Newspaper reporters, and I have known quite a few, are a breed all of their own, characters you might call them They are supposed to find out facts about anything that happens to most anybody - someday it might be a high egghead and the next an urgent interview with a Madam. This usually makes them at home with anybody from Billy the Boodler to an Arch Bishop.

A reporter usually has some paper and a pencil but used them sparingly and carries names, addresses, ages and dates in his head and makes no more mistakes than a citizen filling out his income tax. As characters they are interesting, and their individuality is of the highest order, as lots of story and movie writers know and make use of.

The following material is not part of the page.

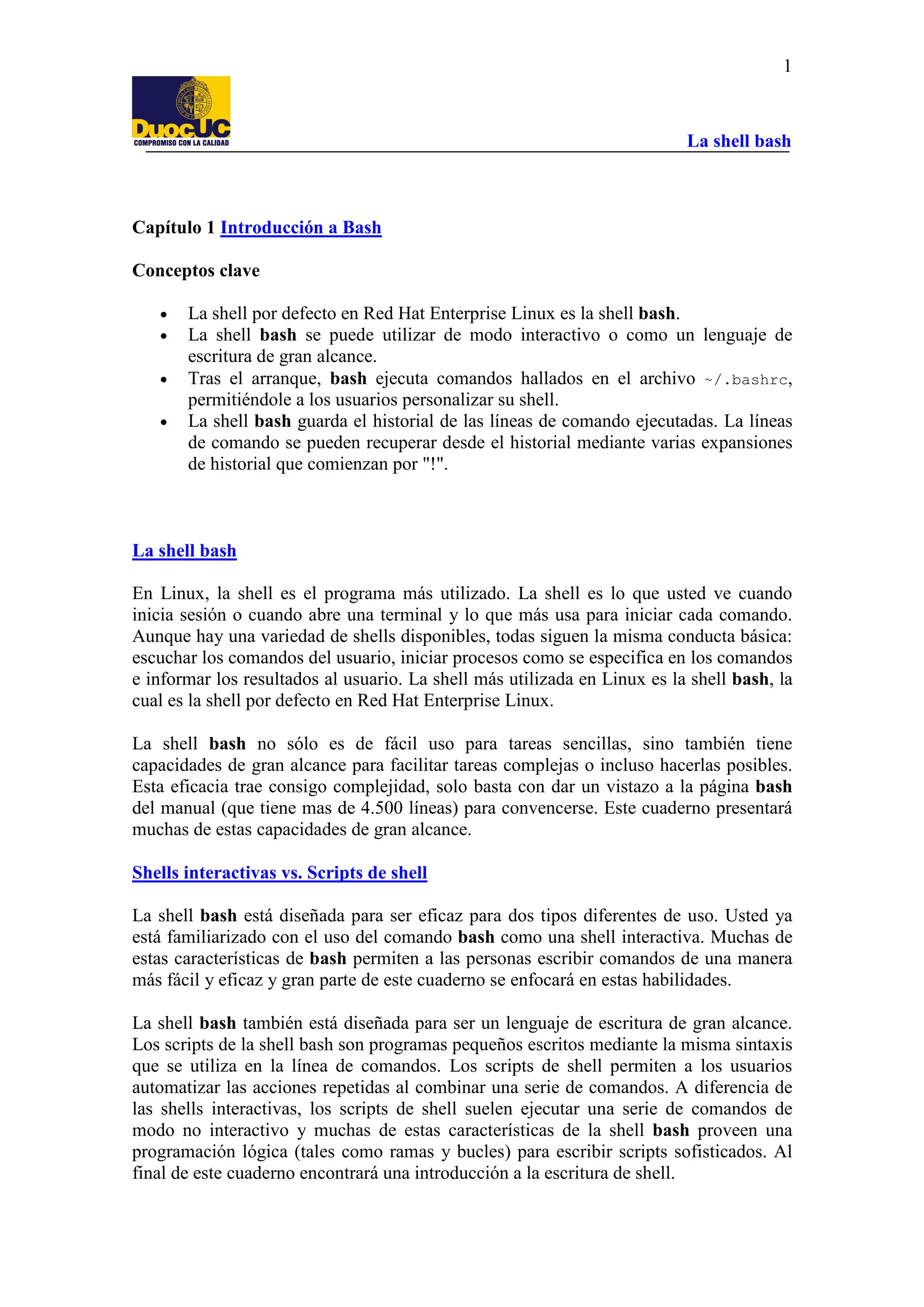 El documento proporciona una introducción a la shell bash en Linux. La shell bash es la shell predeterminada en Red Hat Enterprise Linux y puede usarse de forma interactiva o para escribir scripts. Mantiene un historial de comandos que permite recuperar y editar comandos anteriores. Los usuarios pueden personalizar su shell bash editando el archivo ~/.bashrc.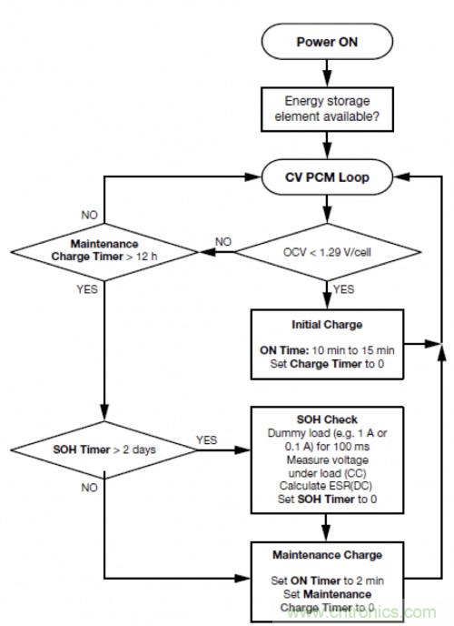 當充電量超過標稱電量的5%時就需要初次充電。圖4流程圖中的5-15分鐘“ON時間”是恒壓充電的典型時間范圍,具體取決于應用的電能需求。初次充電可使混合電容器足以滿足下次使用的要求。如果所需電能顯著少于規(guī)定的每電芯115 J(例如90 F電芯),則可減少“ON時間”。在后備使用之后或在系統(tǒng)停電幾天或幾星期之后很可能需要初次充電。

One I know, George Stark, new president of the Michigan Historical Society and doing a good job. He has maybe written and reported more events from births to deaths than any reporter in Detroit. He is a fit subject for a good sized book on his own life filled with humor, excitement, wise cracks and plenty of adventure. Some of the reporters of that earlier period with Stark were C.C. Bradner, Al Weeks, (unknown), and (unknown) never a more adventurous group ever interviewed or looked for news in any city of this country. Bradner who wrote a column, and had a radio broadcast, was a wonderful guy who was loved by all the natives who heard his soft gift of tongue which occasionally has a blur in it and often he needed assistance with his speeches but to his audience he had a heart of gold. Often I saw the other reporters sitting around the table, in a bar room, helping him get ideas for his column and all he did was nod his head and believe me, or not, those columns were works of art. He was a man you could ask for advice and it was good sound advice as I really found out.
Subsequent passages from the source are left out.